Naar elkaar omkijken

“We zien voor de nieuwe locatie van De Slingeborgh een centrale functie voor de buurt”, zegt Jovancka. “Tegelijkertijd willen we graag weten wie er in Lariks wonen en kunnen aansluiten op de zorgbehoefte. Vanuit de samenwerking proberen we dit concreet te maken. Zo onderzoeken we de mogelijkheden voor een centraal loket binnen De Slingeborgh, waar verschillende diensten samenkomen.” Miriam vult aan: “Onze gemene deler is dat we verbinding in de wijk willen aanbrengen: we gaan weer meer naar elkaar omkijken.”

Diversiteit is rijkdom

Lariks is een diverse wijk als het gaat om etniciteit, inkomen en opleidingsniveau. “Diversiteit is rijkdom en biedt kansen”, vindt Miriam. “Er wonen hier veel actieve bewoners, maar er zijn ook bewoners die moeilijker te bereiken zijn: de stille stem. Actium en Vaart Welzijn komen bij deze mensen achter de voordeur, en Interzorg kan goed in contact zijn met ouderen in de wijk. Daarom is die samenwerking ook zo belangrijk.” Veel van wat binnen de wijkaanpak wordt opgepakt, is gericht op ontmoeting en naar elkaar omkijken. Bedoeld om de onderlinge verbondenheid te vergroten. Miriam: “Want dat vergroot welzijn en heeft een positief effect op de gezondheid van mensen. Zo ken ik het verhaal van een mevrouw wier man in een zorglocatie woonde. Zij verzorgde daar haar man en deed er vrijwilligerswerk. Toen haar man kwam te overlijden, kwam ze thuis te zitten en raakte ze depressief. Ze ging met haar klachten naar de huisarts. In plaats van haar medicatie voor te schrijven, gaf hij haar als tip naar een buurthuis te gaan. Ze is helemaal opgeleefd. Dat is de kracht van verbinding.”

Straat openbreken

Het is duidelijk: bij wijkgericht werken heb je elkaar nodig. Het voorkomt bovendien dat je drie keer hetzelfde wiel uitvindt.
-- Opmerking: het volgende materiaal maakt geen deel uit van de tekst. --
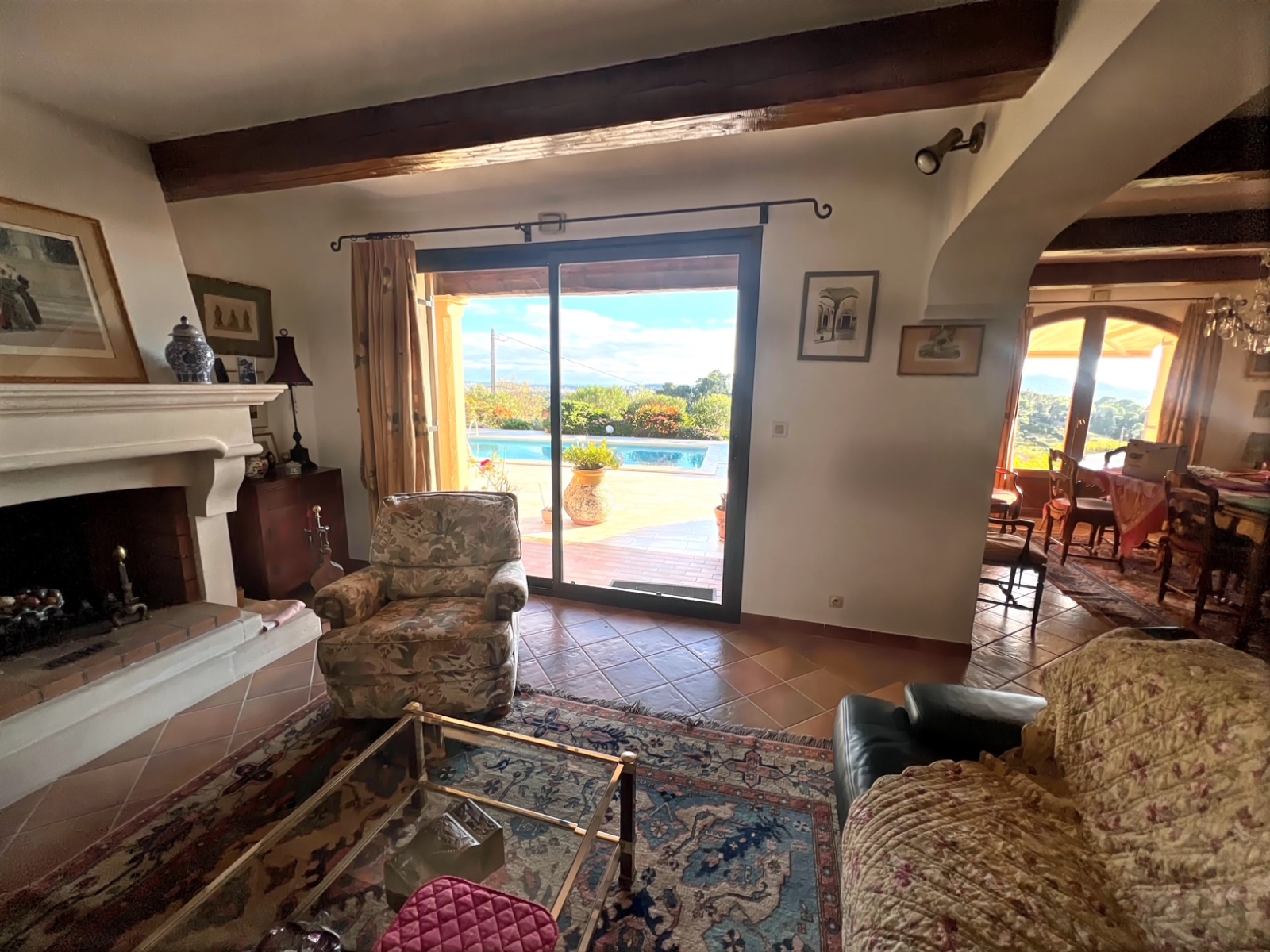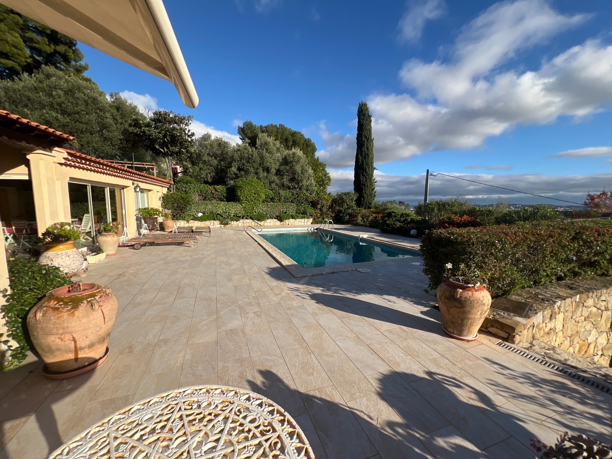 OLLIOULES- Située sur les hauteurs avec vue dominante et mer, belle villa construction traditionnelle avec prestations de qualité. On accède à cette maison par une entrée qui dessert salle à manger/salon avec cheminée de 49 m², toilettes, cuisine aménagée, buanderie. En demi-étage suite parentale avec sa salle d'eau rénovée, wc, placards, au 1er étage deux chambres, salle d'eau, wc, placards- En rez de jardin une 4ème chambre avec sa terrasse est aussi équipée d'une salle d'eau avec wc, cellier- Grande cuisine d'été de 38 m²- Garage 34 m²- Cave- Terrasse- Piscine 9 X 4. Le tout sur un terrain paysagé de 1960 m²

Of, zoals Miriam het mooi zegt: “Het is beter dat de straat maar één keer open gaat dan drie keer.” Tegelijkertijd levert samenwerking ook spanning op. Jovancka: “We werken nu vooral op basis van vertrouwen en we zien dat er in alle lagen positieve energie zit. Maar omdat vertrouwen ook vaak persoonsgebonden is, zit daar ook een risico.” Miriam vult aan: “Het is niet vrijblijvend. We hebben bepaalde verwachtingen naar elkaar uitgesproken. Wij dienen als gemeente daarin het algemeen belang. Het gaat werken als we altijd streven naar een win-winsituatie en elkaars rol in het geheel erkennen.”